Plaintiffs are both employed by Defendant ("APS") in administrative positions. They were each transferred from Sandia High School ("SHS") to other schools in the APS system, and each filed suit against APS. Their claims were brought under Title VII, 42 U.S.C. §§ 2000e to 2000e-17, as well as 42 U.S.C. § 1983. Individual Defendants originally named in the suit filed a motion for summary judgment requesting qualified immunity from the § 1983 claims, and this Court granted that relief in an earlier opinion. [Doc. 66] Subsequently the individual Defendants were dismissed from the case by agreement of the parties. [Doc. 99] Defendant has now filed a Rule 12(b)(6) motion to dismiss additional claims. In response to that motion as well as to earlier rulings and pleadings filed in this case, Plaintiffs have filed the two motions to amend referenced above.

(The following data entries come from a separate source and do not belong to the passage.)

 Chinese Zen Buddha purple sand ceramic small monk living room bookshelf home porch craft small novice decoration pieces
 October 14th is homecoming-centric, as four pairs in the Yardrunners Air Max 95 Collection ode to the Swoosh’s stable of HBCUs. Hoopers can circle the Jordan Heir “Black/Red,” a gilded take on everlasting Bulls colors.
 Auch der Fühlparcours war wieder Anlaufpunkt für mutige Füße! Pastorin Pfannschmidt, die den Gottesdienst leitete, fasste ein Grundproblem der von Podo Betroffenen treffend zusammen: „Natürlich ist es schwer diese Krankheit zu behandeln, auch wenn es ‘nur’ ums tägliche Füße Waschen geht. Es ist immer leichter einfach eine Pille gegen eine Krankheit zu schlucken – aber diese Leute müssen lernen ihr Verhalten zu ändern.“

The Court will first address the motion to dismiss and then will take up the motions to amend.
It is an accepted principle that in addressing a motion for summary judgment, a court should where feasible review the entire record, including evidence submitted in connection with unrelated pleadings, to determine whether the motion is meritorious. See, Downes v. Beach, 587 F.2d 469, 471-72 (10th Cir. 1978); Sinclair v. Mobile 360, Inc., 417 Fed.Appx. 235, 242-43 (4th Cir. 2011) (discussing prior Fourth Circuit case, Campbell v. Hewitt, Coleman & Assocs., 21 F.3d 52 (4th Cir. 1994)); Clinkscales v. Chevron U.S.A., Inc., 831 F.2d 1565, 1570 (11th Cir. 1987). The Court sees no reason the same principle should not apply to later-filed motions to dismiss such as this one; evidentiary submissions already in the record should be consulted while the Court is analyzing the complaint to determine whether it states a particular claim. Furthermore, where as here a party has submitted evidentiary materials in response to a motion to dismiss, a court may convert the motion to a motion for summary judgment and take those materials into account in deciding the motion. See Whitesel v. Sengenberger, 222 F.3d 861, 866 (10th Cir. 2000).

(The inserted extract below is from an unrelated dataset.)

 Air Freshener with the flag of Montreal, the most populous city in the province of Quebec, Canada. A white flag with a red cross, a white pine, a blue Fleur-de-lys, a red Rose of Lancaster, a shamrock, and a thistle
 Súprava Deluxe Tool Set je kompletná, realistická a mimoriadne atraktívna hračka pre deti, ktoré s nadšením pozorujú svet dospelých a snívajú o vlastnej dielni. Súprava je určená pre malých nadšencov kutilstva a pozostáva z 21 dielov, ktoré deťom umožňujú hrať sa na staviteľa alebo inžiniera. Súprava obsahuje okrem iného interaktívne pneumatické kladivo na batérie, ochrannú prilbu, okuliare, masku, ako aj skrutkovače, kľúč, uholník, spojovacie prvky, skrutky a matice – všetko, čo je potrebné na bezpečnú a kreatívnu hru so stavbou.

Defendant's first argument is based on the difference between "participation" and "opposition" for Title VII purposes. Courts have separated Title VII's anti-retaliation clause into two parts: a participation clause and an opposition clause. See, e.g., E.E.O.C. v. Total System Servs., Inc., 221 F.3d 1171, 1174 (11th Cir. 2000). The participation clause prohibits an employer from retaliating against an employee who has "made a charge, testified, assisted, or participated in any manner in an investigation, proceeding, or hearing under this subchapter." 42 U.S.C. § 2000e-3 (a). Defendant contends Plaintiff Bachicha at most participated in an in-house process, after Plaintiff Stanojevic filed an internal complaint. According to Defendant, the participation clause applies only to federal EEOC or state Human Rights Commission proceedings, and is not triggered by participation in an internal process. This position has some support in the case law. See Total System Servs. (participation clause applies only to "proceedings and activities which occur in conjunction with or after the filing of a formal charge with the EEOC" and not to an in-house, informal proceeding); see also Hatmaker v. Memorial Medical Center, 619 F.3d 741, 747 (7th Cir. 2010). The Tenth Circuit has not yet taken a position on this issue. Due to the Court's resolution of Defendant's other arguments, the Court similarly refrains from deciding the question.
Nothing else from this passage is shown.